The current X-47B can be highly autonomous, but also includes a redundant “man in the loop.” Northrop’s “air-ship interface” includes radio links and algorithms allowing a carrier and an X-47B to communicate with each other. The carrier steers the drone through crowded airspace and can even guide it in for a deck landing while the operator watches, poised to override the machine-to-machine planning. In July, Northrop successfully tested this system using the USS Eisenhower and a manned F/A-18D surrogate plane.
The air-ship interface is just one facet of the X-47B’s autonomy. Elsewhere across its mission profile, the drone does not need human guidance, but waits for it anyways. “Even though it’s possible for a UAS to find a target, identify it and give those coordinates electronically to a weapon, it won’t do that unless it’s told to,” Carl Johnson, a Northrop vice president, told Breaking Defense. “The technology is there, but there is still a need for a human in the loop.”

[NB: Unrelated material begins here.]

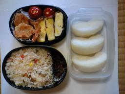 講習&部活の長女 と 塾の夏期講習の次女 今日は2人分のお弁当次女は遠足以外お弁当は持っていかないので、うれしいらい。次女のお弁当箱は去年のラジオ体操のご褒美だ毎朝早起きしてもらったものなので気に入っている。でもチキンを2つ入れるには小さめなので、チキンだけ別にいれたため大荷物になった 長女のお弁当 次女のお弁当 フライドチキン たまごやき かぼちゃ ブロッコリー ミニトマト 黒米 (ごま塩) ←今日は黒米が少なくて色が薄かった 残念。 鰹こんぶ スイカ 最近はラジオ体操も回数が減った。昔は夏休み中あったのに、今はお盆の前くらいまでになった。

Reducing the human’s role could mean a freer and more effective X-47 and, by extension, a far more powerful future drone air force. But that can’t happen without a legal consensus regarding robot accountability.
The first decade after 9/11 proved that drones and people can make powerful teams. The second decade could see robots proving their worth all on their own. But only if we can hold them — that is, someone who controls them — accountable.